Copy down the listing below exactly. Do not include pictures.

MATERIAL PROVIDED:
******************************

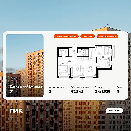 Купить 2к квартиру 63 м² в ЖК Кавказский бульвар 51
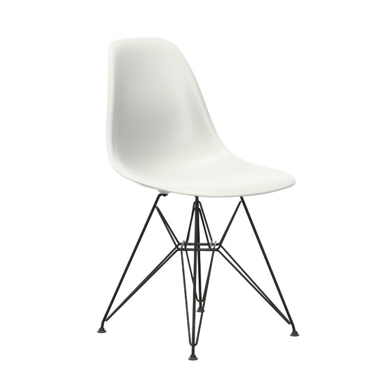 VITRA Eames Plastic Side Chair with black base DSR NEW DIMENSIONS (White - Painted steel / Polypropylene)
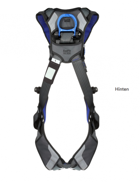 Der 3M™ DBI-SALA® ExoFit™ XE200 wurde für Benutzer entwickelt, die ungern Kompromisse eingehen, und ist mit hochwertigen Komponenten ausgestattet, die speziell für eine erhöhte Sicherheit, mehr Komfort und eine verbesserte Leistung bei Arbeiten in der Höhe entwickelt wurden. Der XE200 Komfort Auffanggurt besteht aus einem aus einem langlebigem und strapazierfähigem Polyester-Gurtband, Montageteilen aus leichtgewichtigem Aluminium, einer robusten (aber dennoch leichten) Polyester-Hybridpolsterung mit zusätzlichen Luftkanälen sowie reflektierenden 3M Scotchlite™-Einsätzen. Der XE200 ist mit moderner Technologie im Bereich der rückseitigen Auffangöse ausgestattet, was für effiziente Verbindungen und einen sicheren Sitz des Auffanggurts bei Ihren Mitarbeitern sorgt. Außerdem verfügt er über einen Revolver Einsteller für die Rumpflänge sowie selbstsichernde Automatikverschlüsse, um den Sitz zu optimieren. Der 3M™ DBI-SALA® ExoFit™ XE200 ist mit einer Reihe an 3M™ Absturzsicherungszubehör für Werkzeuge kompatibel. Alle Modelle sind mit Hängetrauma-Trittschlaufen ausgestattet.
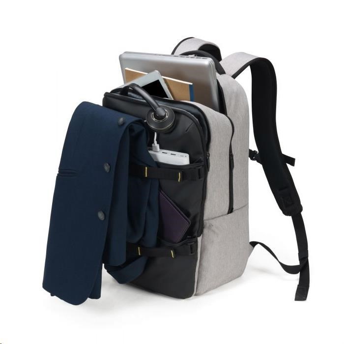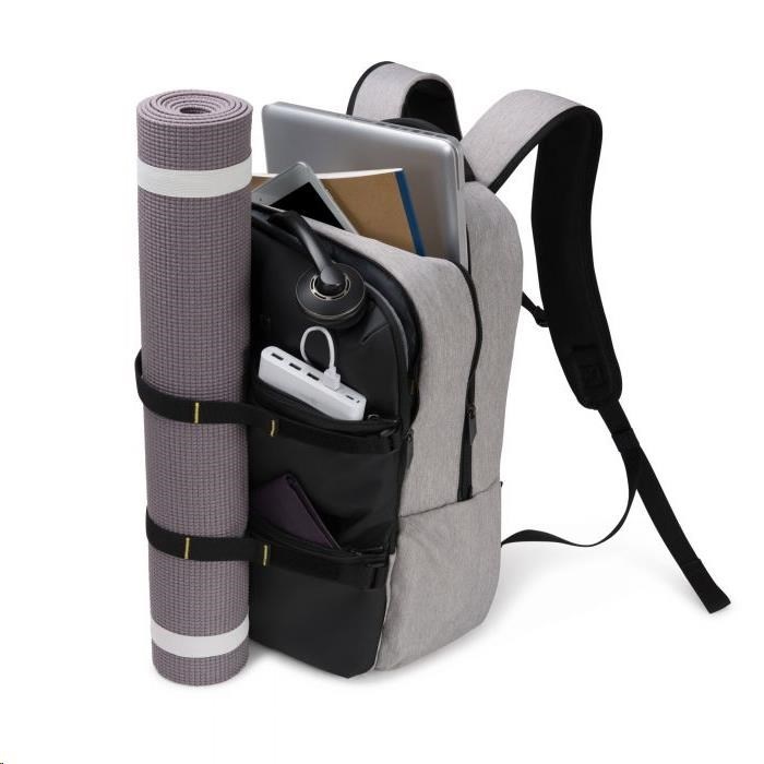 Od hodín jogy až po kanceláriu. MOVE je určený na každodenné používanie. Pohodlná vďaka ergonomickému polstrovaniu chrbta a polstrovaným ramenným popruhom s nastaviteľným hrudným pásom. S batohom môžete dokonale manévrovať vďaka dvom rukovätiam na prenášanie. Tkanina je vyrobená z vodoodpudivých materiálov, ale v prípade búrky batoh obsahuje aj pláštenku s reflexným logom DICOTA. Primárny úložný priestor obsahuje priehradku na notebook s polstrovaním z peny s vysokou hustotou (HDF), polstrované vrecko na tablet do 10.5 palcov, priehradkou na dokumenty a elastickým sieťovaným vreckom na fľašu s nápojom. Druhá hlavná priehradka obsahuje priehradky na slúchadlá a priečinky.

******************************

REPLY:
 Купить 2к квартиру 63 м² в ЖК Кавказский бульвар 51
 VITRA Eames Plastic Side Chair with black base DSR NEW DIMENSIONS (White - Painted steel / Polypropylene)
 Der 3M™ DBI-SALA® ExoFit™ XE200 wurde für Benutzer entwickelt, die ungern Kompromisse eingehen, und ist mit hochwertigen Komponenten ausgestattet, die speziell für eine erhöhte Sicherheit, mehr Komfort und eine verbesserte Leistung bei Arbeiten in der Höhe entwickelt wurden. Der XE200 Komfort Auffanggurt besteht aus einem aus einem langlebigem und strapazierfähigem Polyester-Gurtband, Montageteilen aus leichtgewichtigem Aluminium, einer robusten (aber dennoch leichten) Polyester-Hybridpolsterung mit zusätzlichen Luftkanälen sowie reflektierenden 3M Scotchlite™-Einsätzen. Der XE200 ist mit moderner Technologie im Bereich der rückseitigen Auffangöse ausgestattet, was für effiziente Verbindungen und einen sicheren Sitz des Auffanggurts bei Ihren Mitarbeitern sorgt. Außerdem verfügt er über einen Revolver Einsteller für die Rumpflänge sowie selbstsichernde Automatikverschlüsse, um den Sitz zu optimieren. Der 3M™ DBI-SALA® ExoFit™ XE200 ist mit einer Reihe an 3M™ Absturzsicherungszubehör für Werkzeuge kompatibel. Alle Modelle sind mit Hängetrauma-Trittschlaufen ausgestattet.
 Od hodín jogy až po kanceláriu. MOVE je určený na každodenné používanie. Pohodlná vďaka ergonomickému polstrovaniu chrbta a polstrovaným ramenným popruhom s nastaviteľným hrudným pásom. S batohom môžete dokonale manévrovať vďaka dvom rukovätiam na prenášanie. Tkanina je vyrobená z vodoodpudivých materiálov, ale v prípade búrky batoh obsahuje aj pláštenku s reflexným logom DICOTA. Primárny úložný priestor obsahuje priehradku na notebook s polstrovaním z peny s vysokou hustotou (HDF), polstrované vrecko na tablet do 10.5 palcov, priehradkou na dokumenty a elastickým sieťovaným vreckom na fľašu s nápojom. Druhá hlavná priehradka obsahuje priehradky na slúchadlá a priečinky.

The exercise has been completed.